Though Still a Grave Threat, Maoists are a Fighting a Losing Battle

As the death of 22 security personnel in a gun battle with the Maoists in Chhattisgarh shows, Left extremism continues to remain a major threat, as former prime minister Manmohan Singh once said. Although there have been ups and downs in the nature of the danger – Maoist violence had been restricted to 60 districts of eight states in 2018 against its prevalence in 76 districts of 10 states in 2013 – the latest incident showed that the militants have managed to survive in their jungle hideouts with enough capacity to be a menacing, if shadowy, presence.

 The fact that they used light machine guns and AK-47s not only indicated their preparedness to fight for a long time – the encounter lasted for five hours – but also that they had a substantial armoury. Moreover, their tactical one-upmanship was evident from the trick of having earlier evacuated some of the nearby villages so that when the security forces took their injured personel to the huts, they were fired on by the Maoists stationed there.
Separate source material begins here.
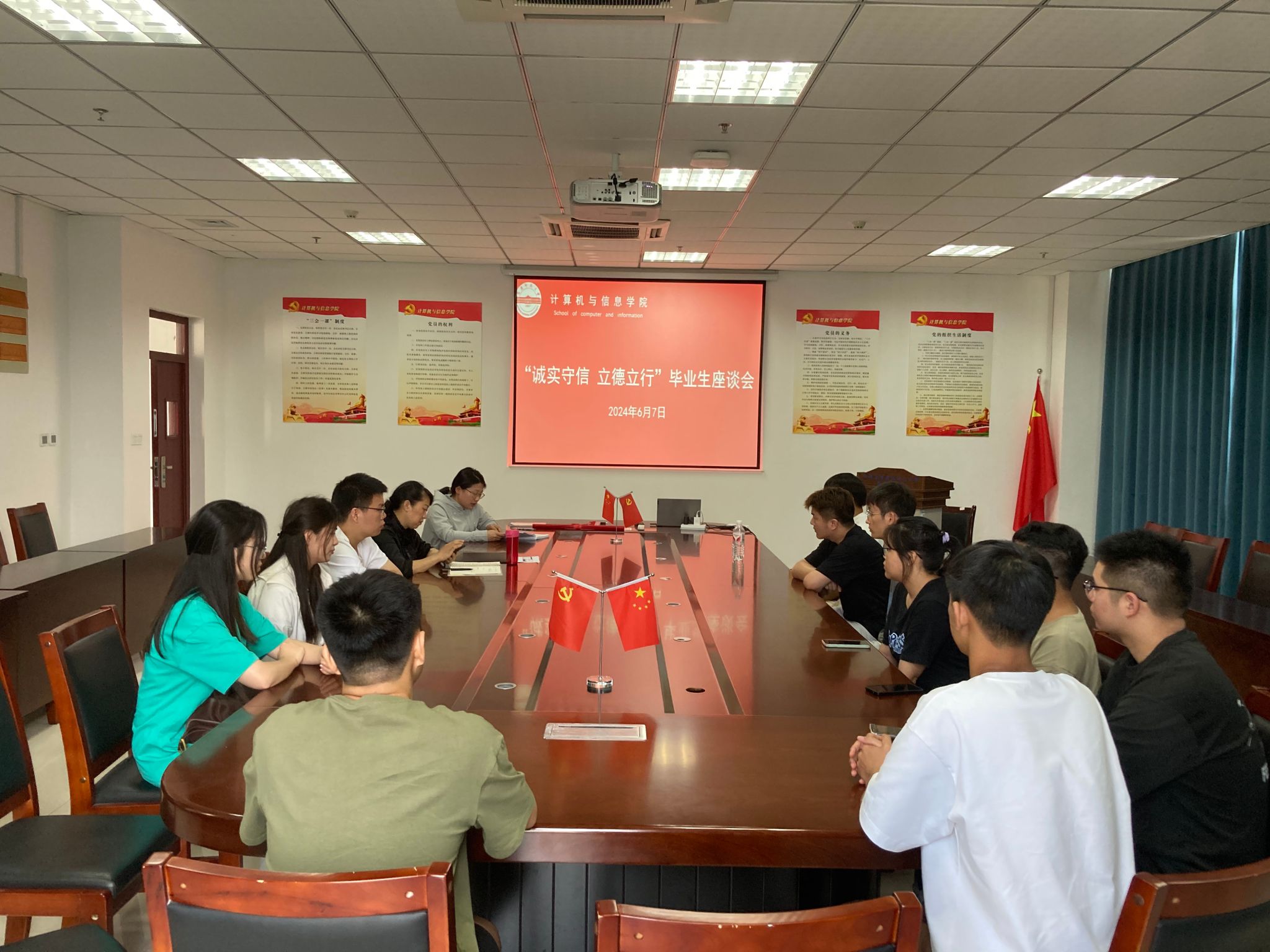 主题座谈强化诚信意识。6月7日下午,计算机与信息学院于L楼318会议室召开了家庭经济困难毕业生诚信教育座谈会。学院党委书记陈银凤与毕业生进行了深入交谈,她对毕业生顺利完成学业表达了诚挚的祝福,详细询问了毕业生们的毕业情况和下一步打算。陈银凤强调,诚信是个体立身处世的根本原则,是社会和睦和谐的基本前提,是国家兴旺发达的重要基石,倡导毕业生们要牢固树立诚信意识,避免因失信而导致个人信用降低造成不良后果。同时,她勉励毕业生们要常怀感恩之心,牢记党、国家与社会的关心关爱,感恩母校、老师、同学,厚植家国情怀、涵养品格,在新的征程上继续脚踏实地、奋发向上,为中国式现代化挺膺担当。

The firefight followed the entry of the paramilitary Central Reserve Police Force (CRPF) into the area in search of the Maoist commander, Madvi Hidma, who is believed to be the mastermind of several offensives including the wiping out of nearly the entire top Congress leadership of the region in 2013 and also the  attack against a CRPF convoy in 2010 in which 76 policemen were killed and an ambush in 2017 in which 24 CRPF personnel were killed.

A local who has variously been described as a tribal or a Dalit, suggesting a confusion about his background, HIdma is an archetypal Maoist insurgent who has risen through the ranks of the rebels from humble beginnings to be a leader who carries a reward of Rs 40 lakh on his head. Although the average Maoist leader is generally a middle class Hindu like Hidma’s predecessor, the late Ravula Srinivas, who carried a reward of more than Rs one crore on his head, the Maoists have always envisaged the impoverished subalterns as the foot soldiers of their insurrection on the lines of Mao Zedong’s peasant revolution based in villages. (The classical Marxism of Lenin is town- and industry-centric).

Before Hidma, there was Jangal Santhal in West Bengal’s Naxalbari, the area from where the Maoists, also known as Naxals, derive their name. Santhal was a tribal and one of the three major leaders of the movement when it began in the mid-1960s. The other two were Charu Mazumdar and Kanu Sanyal, who were middle class Bengalis. It was from that small town in the foothills of the Himalayas that Naxalism/Maoism spread like a prairie fire”, as Radio Beijing called it.

Given the number of splits which the Maoists have suffered, especially after they became an urban phenomenon in West Bengal in the 1970s, their ability not only to survive for more than half a century, but also be regarded as a dangerous force underlines both their organizational capability and ideological fervour. It is not known how effectively the Maoists have been able to indoctrinate their cadres and simple-minded villagers with their version of Mao Zedong Thought.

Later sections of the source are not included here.